-- Record excerpts follows --

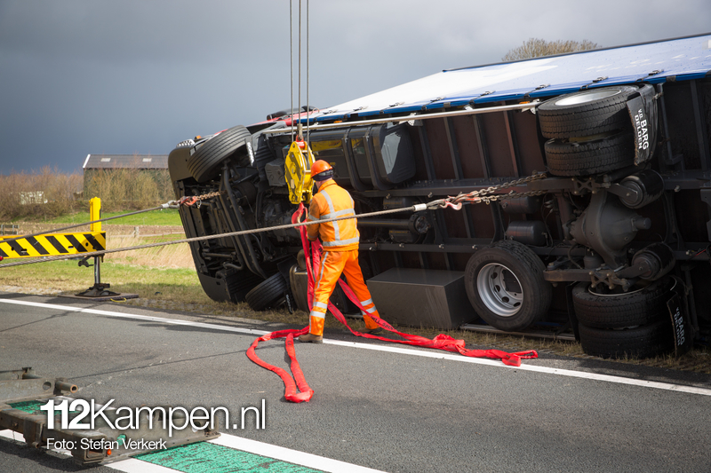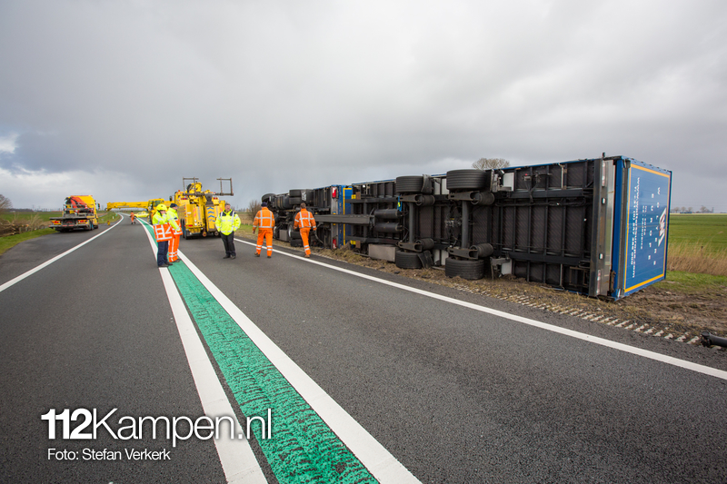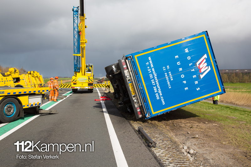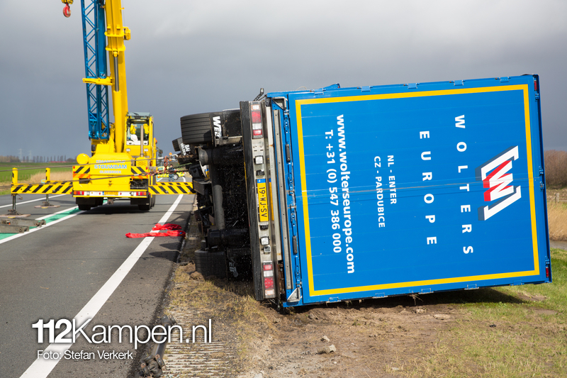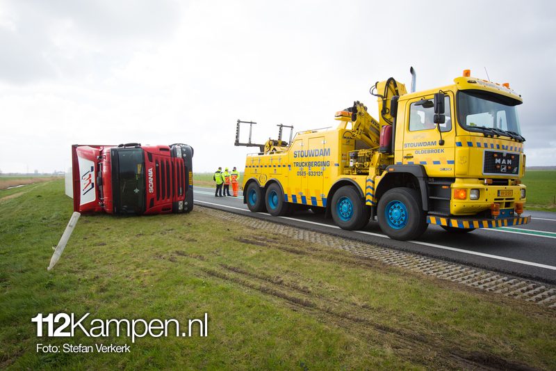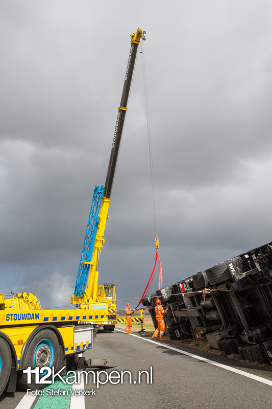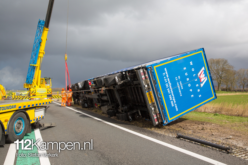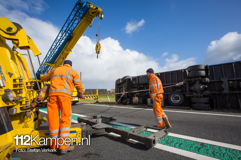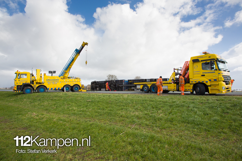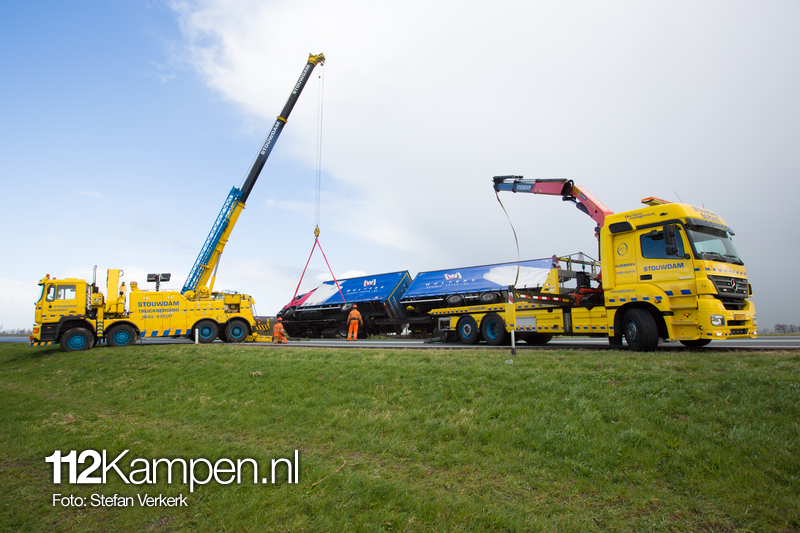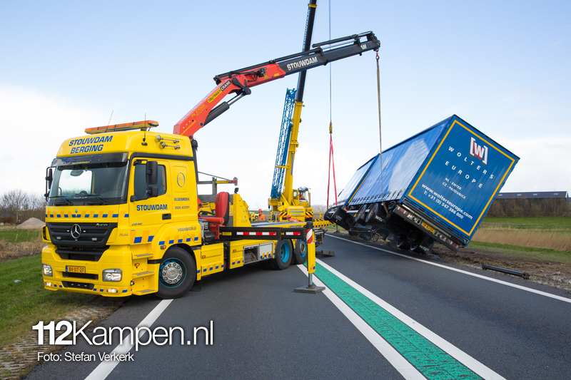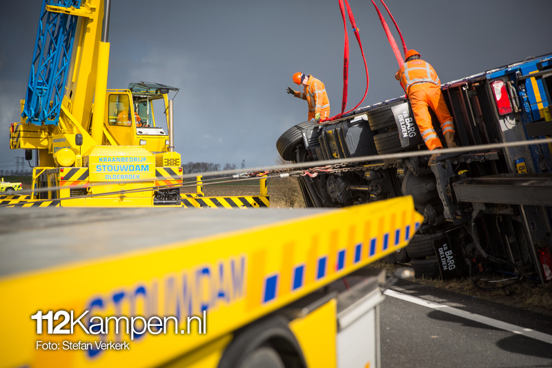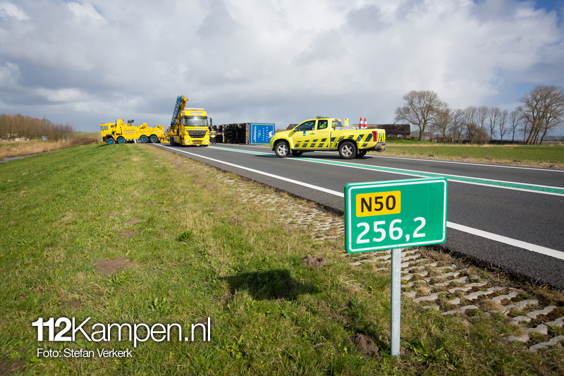 Foto's: Uitgestelde vrachtwagenberging N50 L 256,2 Kampen
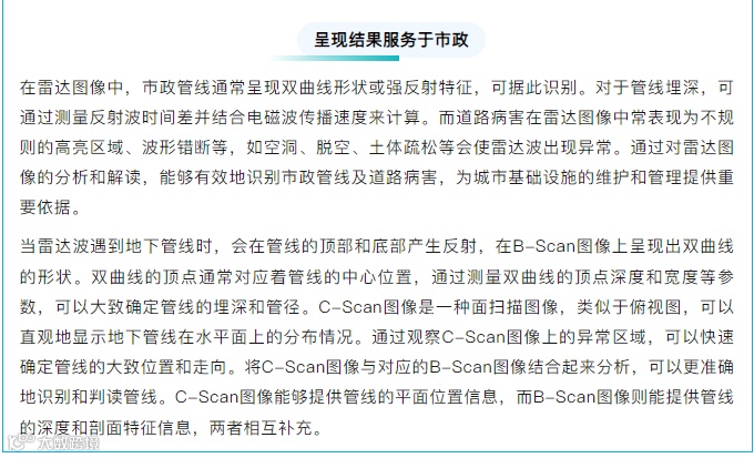 随着城市化进程的加速,市政基础设施建设的复杂性和重要性日益凸显。道路隐患、地下空洞、道路结构层病害、地下管网、隧道衬砌、水文地质等探测对于城市基础设施的安全运行、市政工作效率以及城市发展的可持续性具有重要意义。
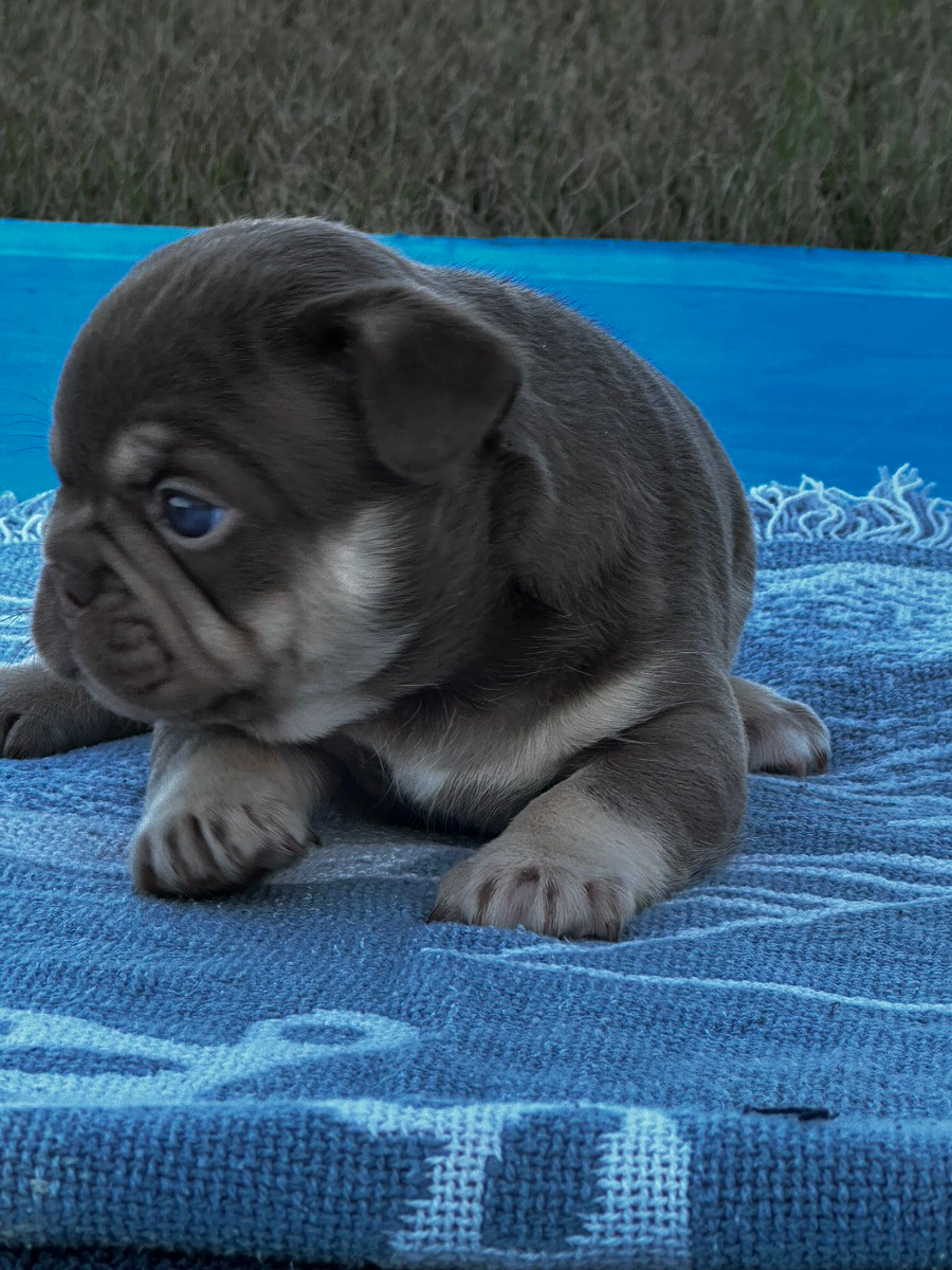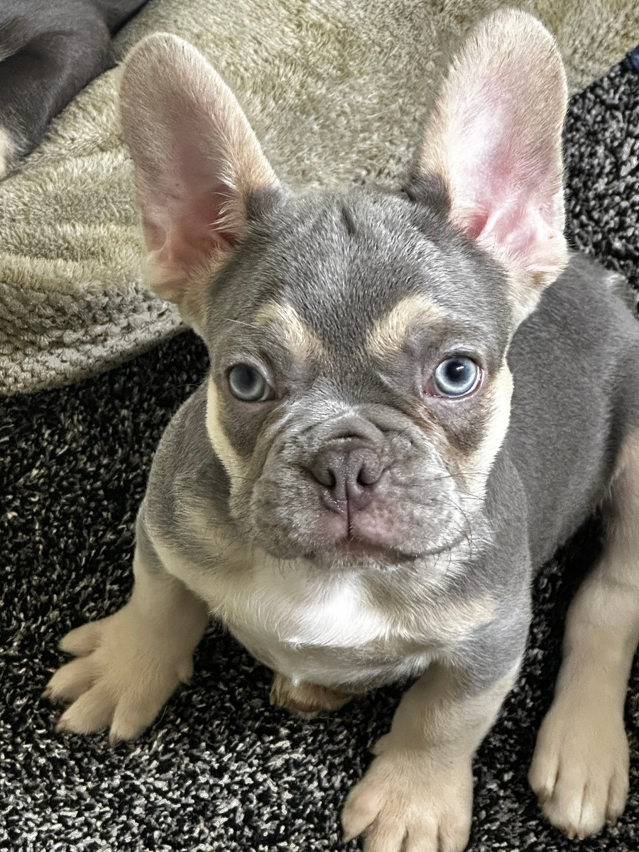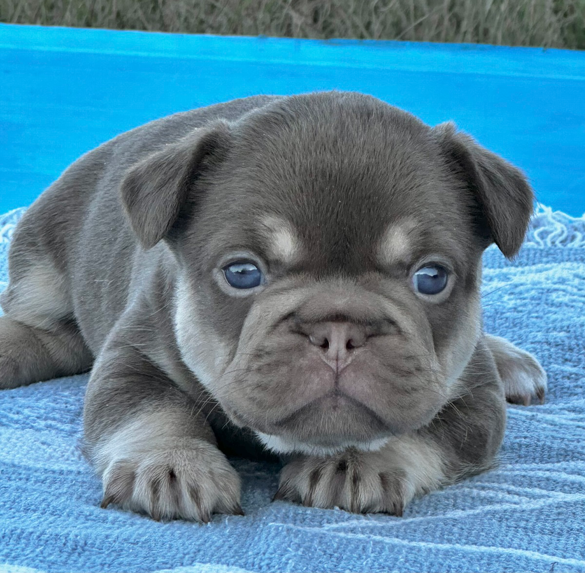 This beautiful girl is Rojo tan, new shade, carries blue and fluffy.
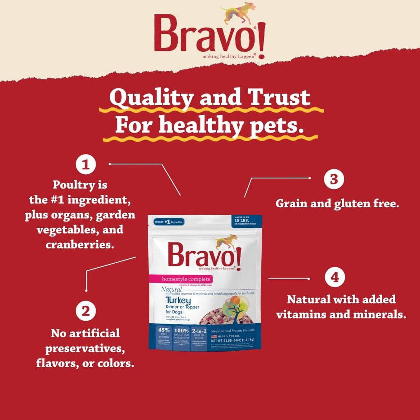 Serving a high-quality, homestyle meal with nutrient rich, raw ingredients is simple with Bravo! Homestyle Complete Freeze-Dried Dog Dinners.
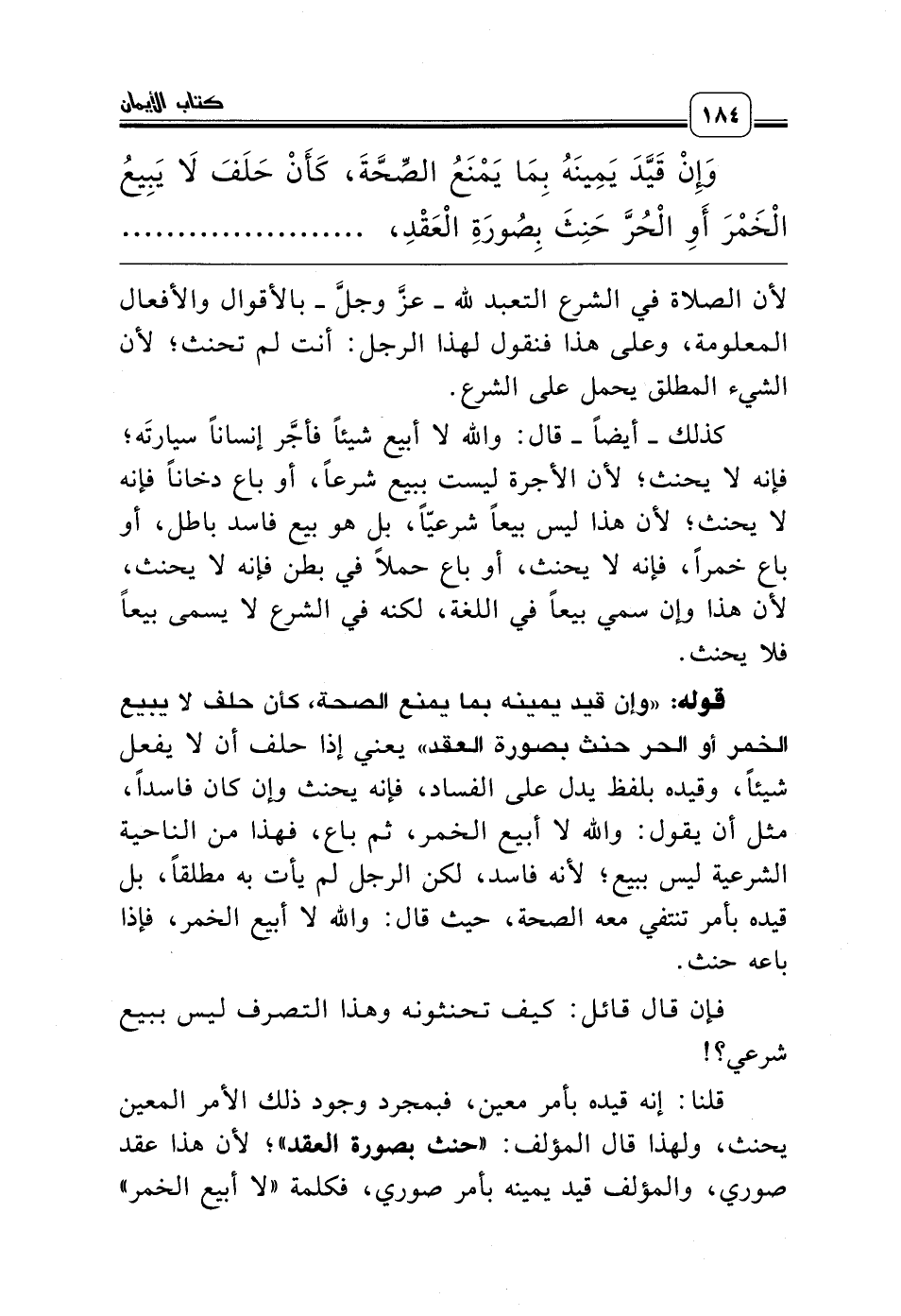 قلنا: إنه قيده بأمر معين، فبمجرد وجود ذلك الأمر المعين يحنث، ولهذا قال المؤلف: «حنث بصورة العقد»؛ لأن هذا عقد صوري، والمؤلف قيد يمينه بأمر صوري، فكلمة «لا أبيع الخمر»

-- Record excerpts concluded --

**Work item:**
Everything in the data above, apart from the pictures, should be retyped exactly.

**Task answer:**
 Foto's: Uitgestelde vrachtwagenberging N50 L 256,2 Kampen
 随着城市化进程的加速,市政基础设施建设的复杂性和重要性日益凸显。道路隐患、地下空洞、道路结构层病害、地下管网、隧道衬砌、水文地质等探测对于城市基础设施的安全运行、市政工作效率以及城市发展的可持续性具有重要意义。
 This beautiful girl is Rojo tan, new shade, carries blue and fluffy.
 Serving a high-quality, homestyle meal with nutrient rich, raw ingredients is simple with Bravo! Homestyle Complete Freeze-Dried Dog Dinners.
 قلنا: إنه قيده بأمر معين، فبمجرد وجود ذلك الأمر المعين يحنث، ولهذا قال المؤلف: «حنث بصورة العقد»؛ لأن هذا عقد صوري، والمؤلف قيد يمينه بأمر صوري، فكلمة «لا أبيع الخمر»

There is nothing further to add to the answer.